On Saturday 08 December 2007, Oliver Jowett wrote:
> BTW, your patch does not actually change this, you are still using
> String.getBytes(String) so if you pass a username / database name /
> password that is not representable in the encoding you're using for
> authentication, you lose.
I didn't claim to solve the undetermined behaviour, I only said I maximized
the chances for the authentication to succeed. Read again.
> If
> we're going to mess around with charsets during authentication I'd like
> to see all encodings fixed. In that particular case a new URL parameter
> was suggested but I don't think it ever got into the main code. Perhaps
> you can follow up on that approach?
Well, it CANNOT be fixed for any encoding simply because of lack of support in
postgres. I thought about introducing a connection parameter, but the
community has to accept first my/a solution.

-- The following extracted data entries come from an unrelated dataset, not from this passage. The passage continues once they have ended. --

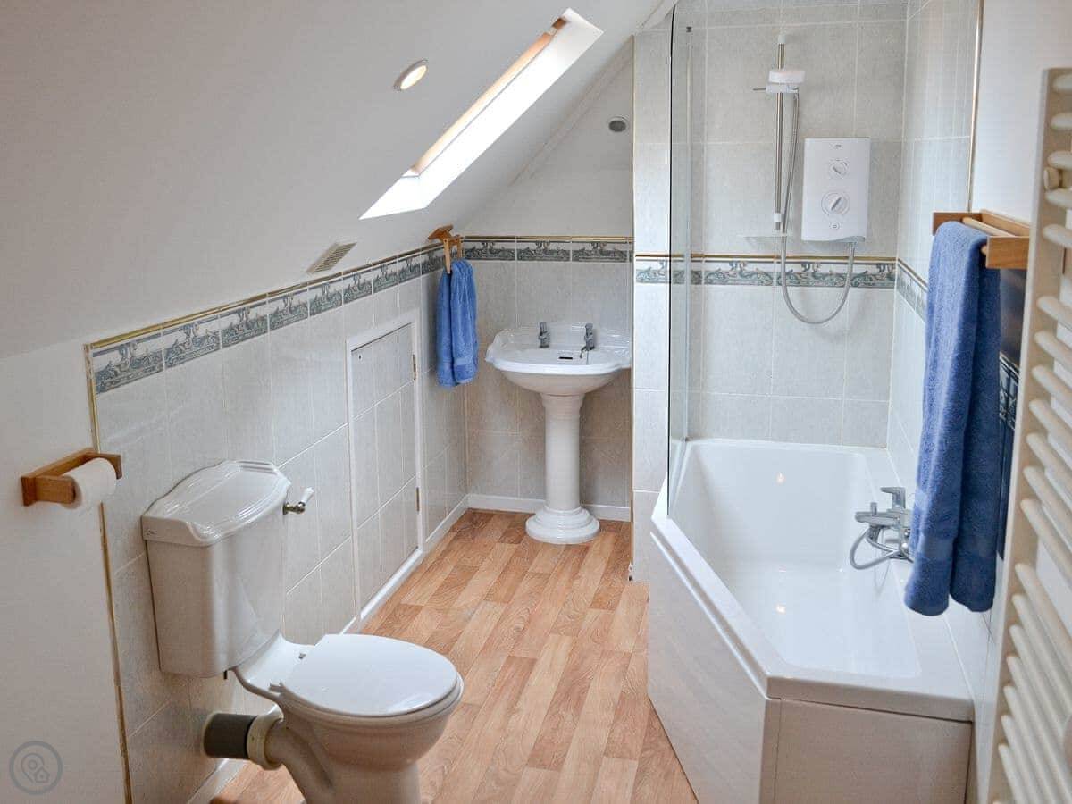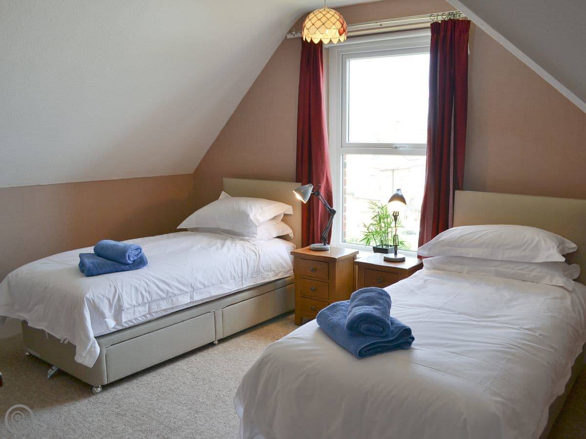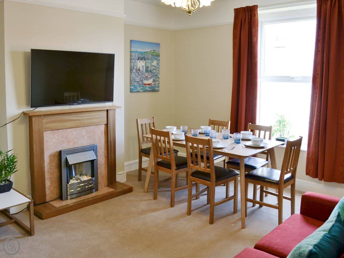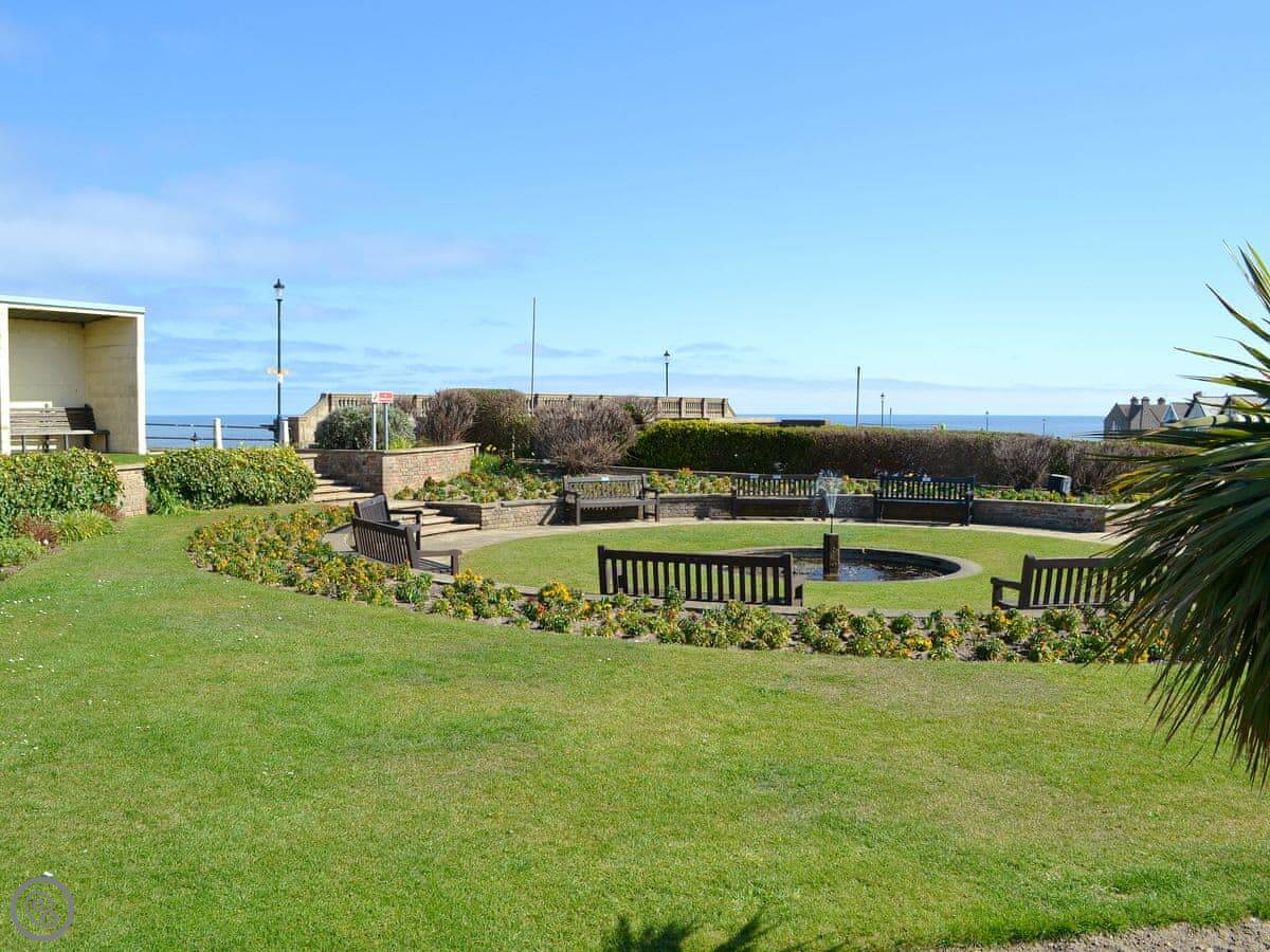 You're on the edge of the town centre here. There's a small shop, a pub, and a cafe practically next door. For the beach, you just turn left and walk down the hill. It's sandy and good for kids. The swimming pool and the golf course are both up on the cliffs.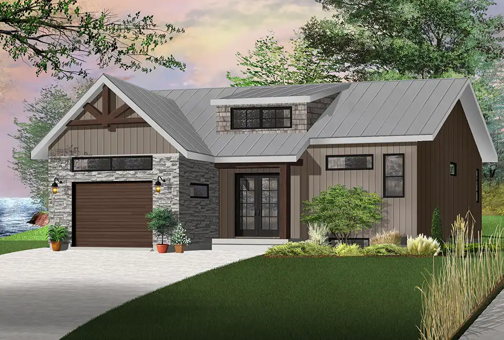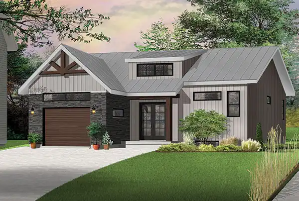 Interesting details give this one-story home design a Craftsman feel. You'll find a split entry, because the foyer lies between the two levels of the home. The daylight basement is downstairs. Go up from the foyer to the main level of the home. The island kitchen serves any meal with style and ease. Relax in the great room when friends drop in to chat. The two bedrooms are separated for privacy. Note that the luxurious bath includes laundry facilities.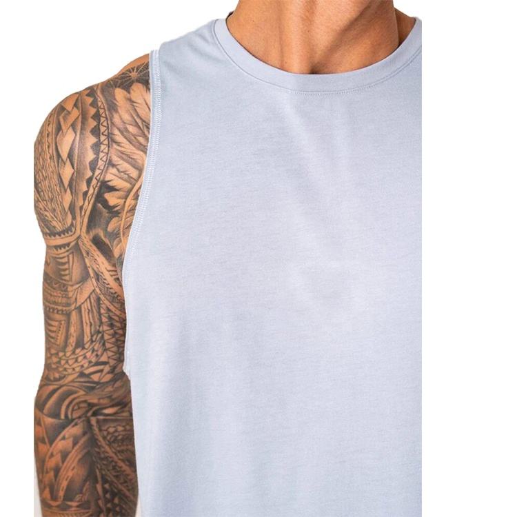 เสื้อกล้ามออกกำลังกายคอกลมคุณภาพสูงสำหรับผู้ชาย สไตล์ลำลอง กระชับกล้ามเนื้อ ทรงโค้งชายเสื้อ ผลิตจากผ้าโพลีคอตตอน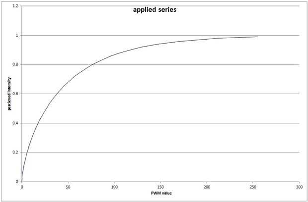 Porque estoy usando reguladores micro PICAXE el código está escrito en la variante básica utilizada por el Editor de programación de PICAXE. Esto presentó un problema porque esta variante básica no admite la fórmula para el cálculo de la intensidad de la luz. ¿Por qué es una fórmula necesaria para algo como eso? La percepción humana así de cualquier datos sensoriales es exponencial y esto incluye la intensidad de la luz. Así, para crear una luz que se descoloraría en forma lineal un código tuvo que ser escrito que permitiría tal una relación exponencial entre el brillo deseado y el valor PWM a ser posible. La tercera imagen muestra la relación entre el brillo deseado y el valor PWM. La relación primero fue calculada y ajustada en Excel, sin embargo debido al código de limitaciones antes mencionaron que he creado tres tablas de referencia muy grandes, uno para cada color, en lugar de otro copiando manualmente los valores de Excel.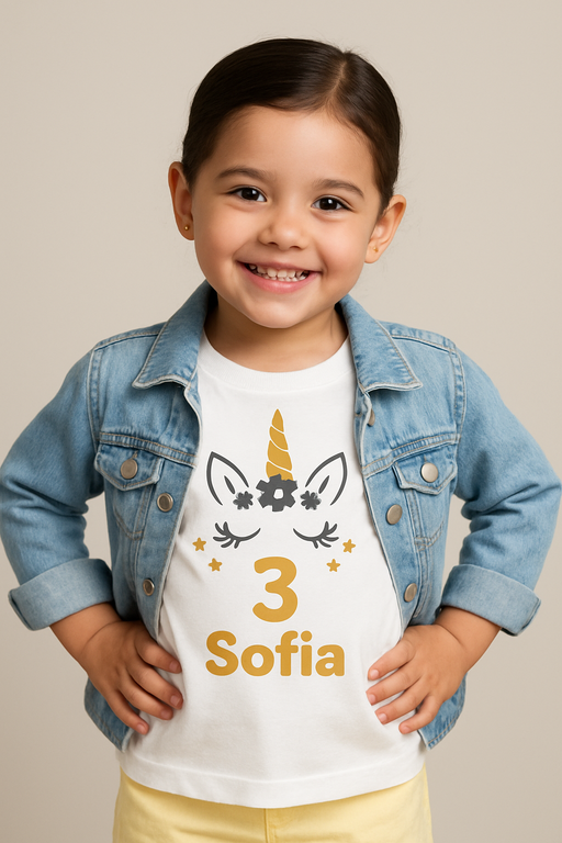 Vtipné detské tričko s jednorožcom a menom podľa želania je ideálny darček k narodeninám! Pridajte rok a urobte z neho nezabudnuteľný kúsok, ktorý rozžiari každý deň vášho malého čarodejníka. 🌈🦄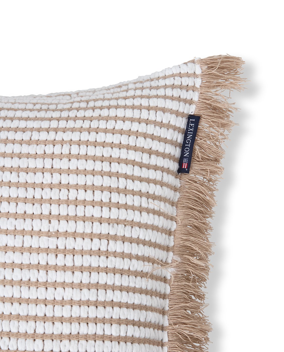 Aus schwerer, hochwertiger Bio-Baumwolle gefertigt, verleiht dieser gestreifte Kissenbezug jedem Raum entspannte Textur und zeitlose Eleganz. Die garngefärbten Streifen sorgen für Tiefe und definierte Konturen, während die feinen Fransen aus Eigenstoff und der verdeckte, farblich abgestimmte Reißverschluss einen sauberen, edlen Abschluss schaffen. Abgerundet wird das Design durch das gewebte Lexington-Logoetikett oben rechts.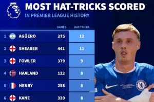 體育資訊2月10日訊 切爾西在本輪英超3-1擊敗狼隊,帕爾默上演帽子戲法,《轉會市場》統計顯示帕爾默已經在英超4次戴帽,位列聯賽歷史第16位。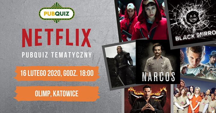 Zapraszamy na kolejny specjalny quiz tematyczny, tym razem dotyczący wybranych produkcji serialowych od Netflixa. Widzimy się 16 lutego w Katowicach w lokalu Olimp Club o godzinie 18:00. Czekać będzie na Was nasz prowadzący Sebastian! 🙋♂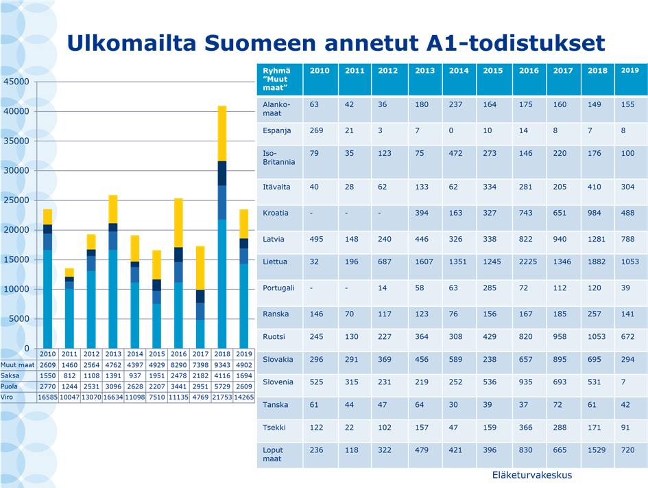 Täysin luotettavaa ja tarkkaa tietoa Suomeen lähetetyistä työntekijöistä ei ole saatavilla. Suomeen lähetetyistä työntekijöistä on tilastotietoja saatavissa ainoastaan EU:n jäsenmaiden sosiaaliturvaviranomaisten Suomeen annettujen A 1 -todistusten perusteella. Eläketurvakeskus vastaanottaa saamansa tiedot EU:n jäsenmaista Suomeen lähetetyistä työntekijöistä. Saatujen todistusten perusteella alla ovat tilastot maittain vuosilta 20102019. Tilastojen mukaan lähetettyjä työntekijöitä koskevia A1-todistuksia myönnetään eninten Virosta, Puolasta, Saksasta ja Liettuasta. Tilastoista ei ilmene lähetetyn työntekijän kansalaisuutta, vaan maa, jonka kautta työntekijä on lähetetty Suomeen. Lisäksi sama työntekijä voi olla tilastoituna useamman kerran.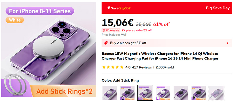 Беспроводную магнитную зарядку взял вот эту от Baseus (ссылка для РФ). 15 Вт для зарядки ночью - самое оно, больше не нужно. Там есть вариант комплектации с магнитными кольцами: такое кольцо нужно прикрепить к чехлу смартфона, поддерживающего беспроводную зарядку, и с ним можно будет использовать магнитные адаптеры и аккумуляторы.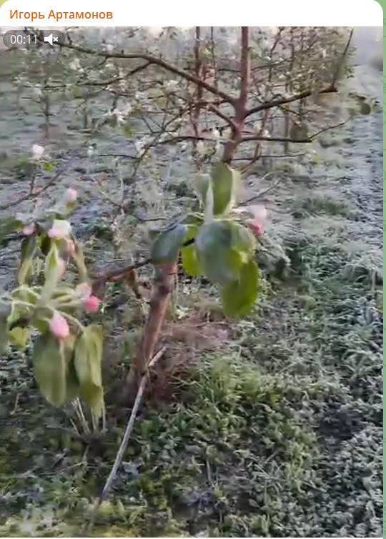Любой, хоть немного понимающий в сельском хозяйстве, ужаснётся от этих кадров. Все мы радовались тёплому апрелю и ранней весне. Как быстро всё зазеленело и расцвело. Но ударившие в начале мая заморозки привели к катастрофическим последствиям,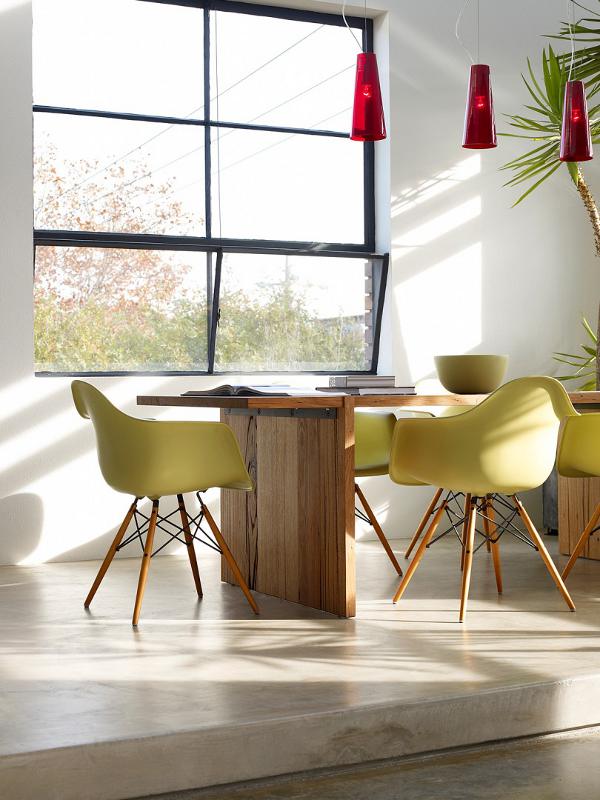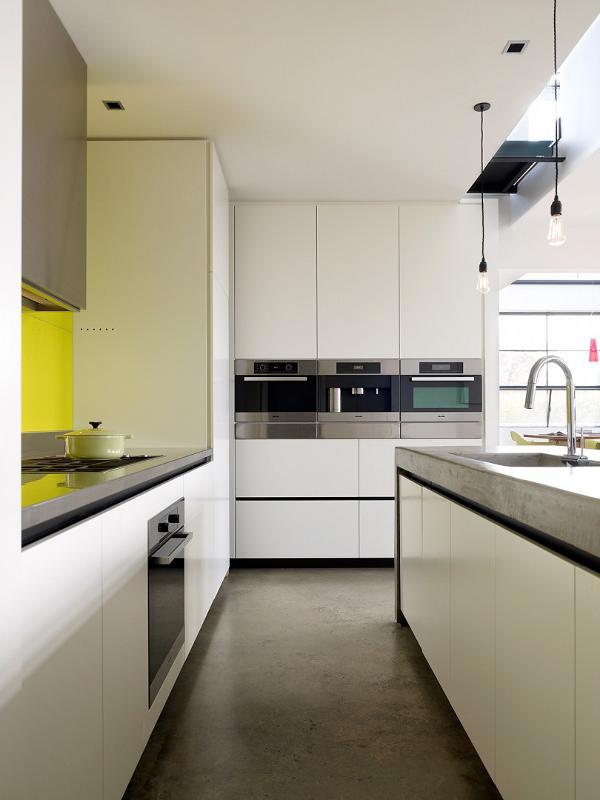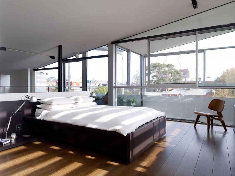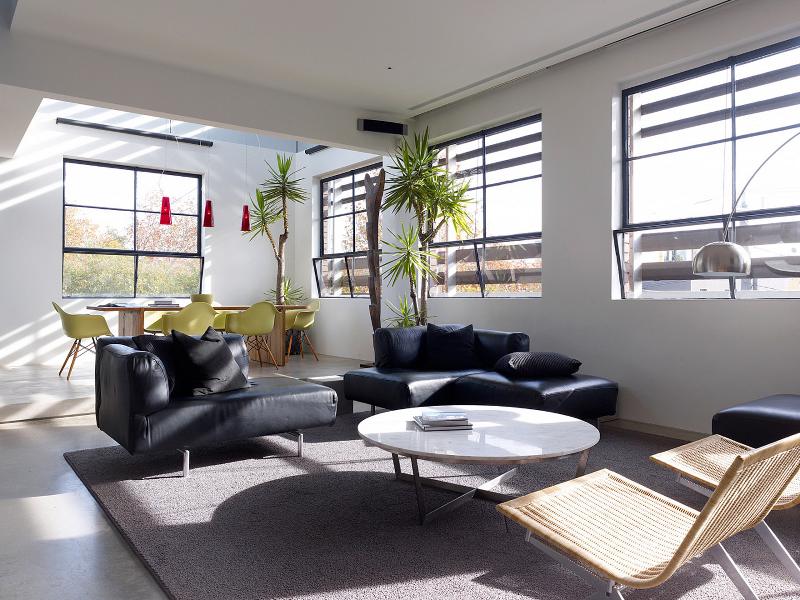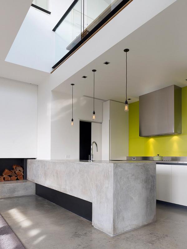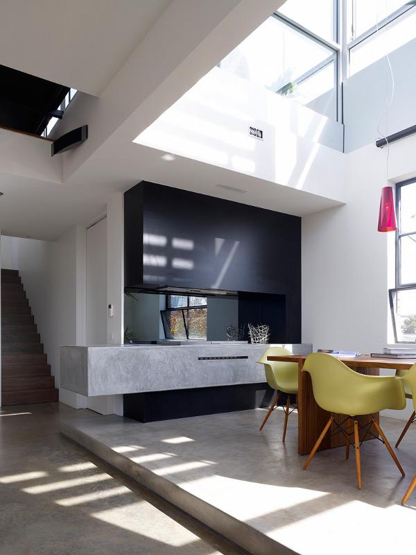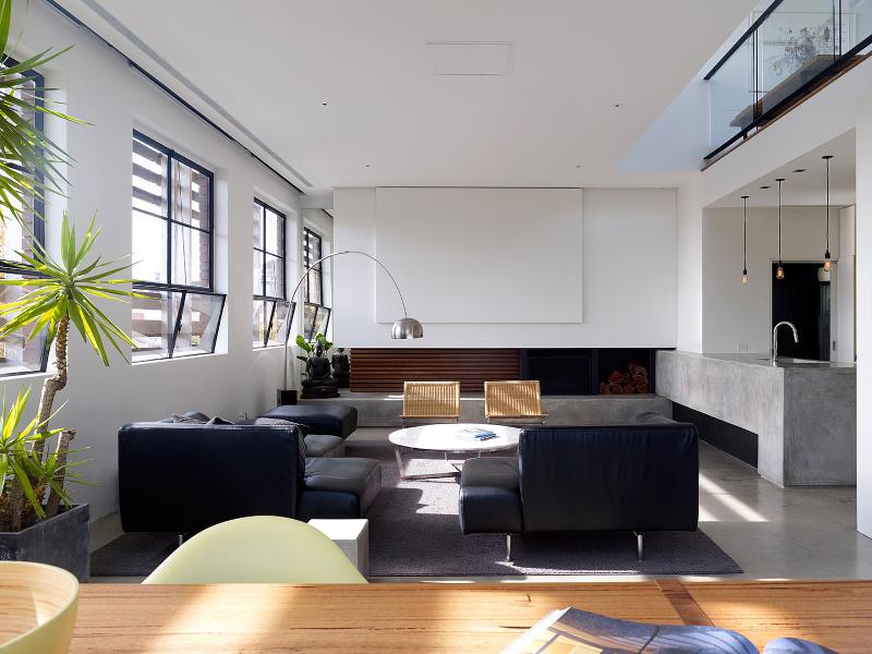 The architect’s own warehouse space. Raw and restrained with a shock of acid green in the kitchen, open plan with changing levels to allow privacy, all washed with the natural light pouring through large windows. Modern urban living with a cool luxury. Young St, Fitzroy by Steve Domoney Architecture.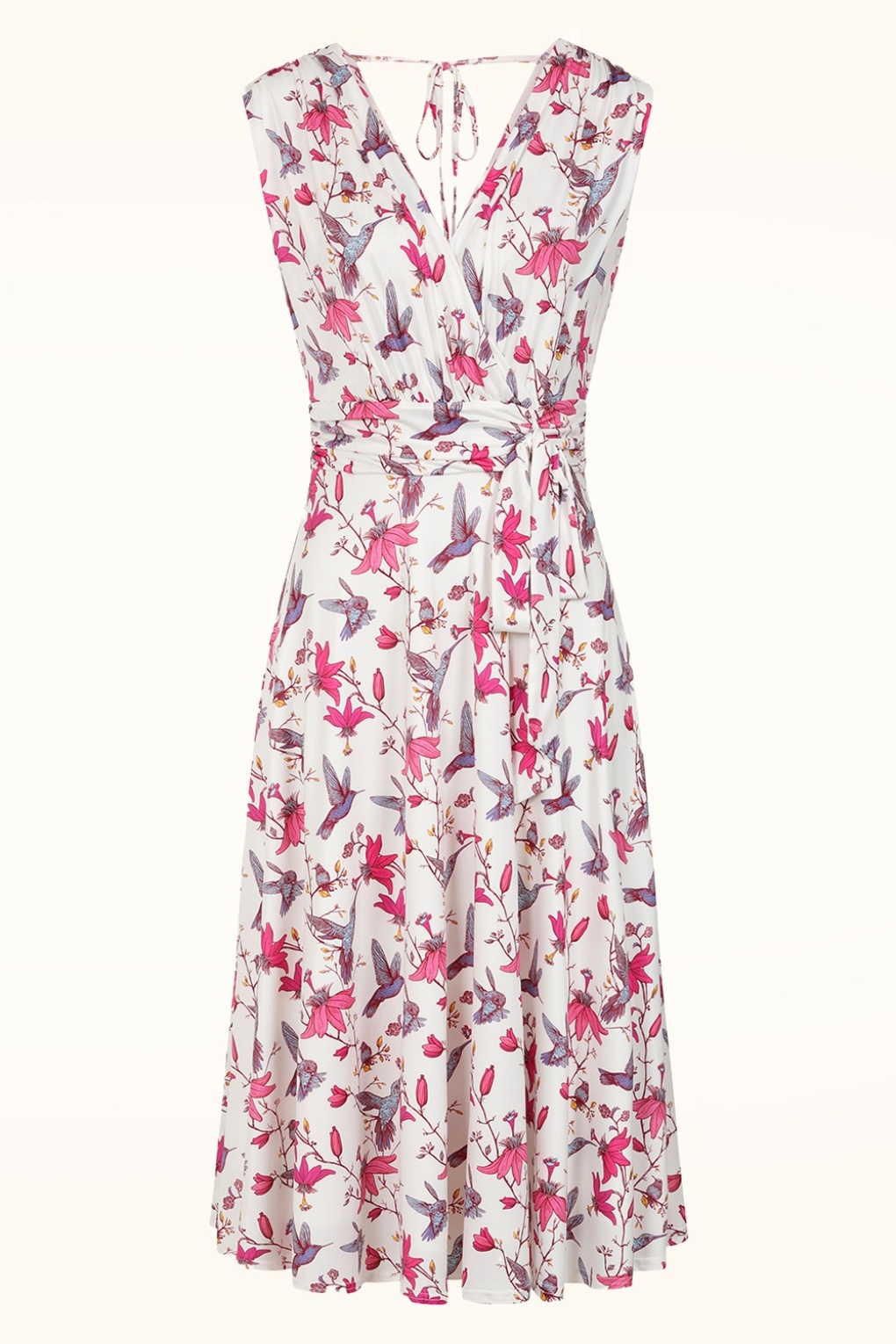 Leicht wie eine kühle Brise, strahlend wie der Sommer: Wenn du das Swingkleid Jane zum ersten Mal anziehst, wirst du sofort feststellen, dass es einfach perfekt in deine Sommergarderobe passt! Das Modell in Weiß ist aus einem anschmiegsamen, elastischen und glatten Stoff gefertigt, der leicht glänzt, nicht knittert, herrlich angenehm zu tragen ist und durch ein farbenfrohes Muster mit Blumen und Kolibris in Rosa und Blau besticht. * Fließender Schnitt * Vollständig gefüttert * Fest vernähte Schleifenbänder * Kein Reißverschluss, keine Knöpfe: einfach reinschlüpfen und los geht’s! * Endet bei einer Körpergröße von 1,70 m auf halber Wadenhöhe

> Also, your patch appears to have a number of unnecessary changes in it
> (e.g. why did you change the encoding used for the password salt, or the
> results of UnixCrypt? and there's a spurious change to build.xml too..)
There's nothing spurious in my patch.
I haven't touched UnixCrypt, simply because there's nothing to be done about
it (not as a simple patch).
And the change in build.xml is a correction, check the file before posting
assumptions.
> I would also be a lot happier if the protocol specification docs were
> updated to reflect whatever the current "approved" way of doing
> non-ASCII authentication info is before the driver started making
> assumptions about it.
There's no specification simply because nothing special happens and "non-ASCII
authentication" is not even considered.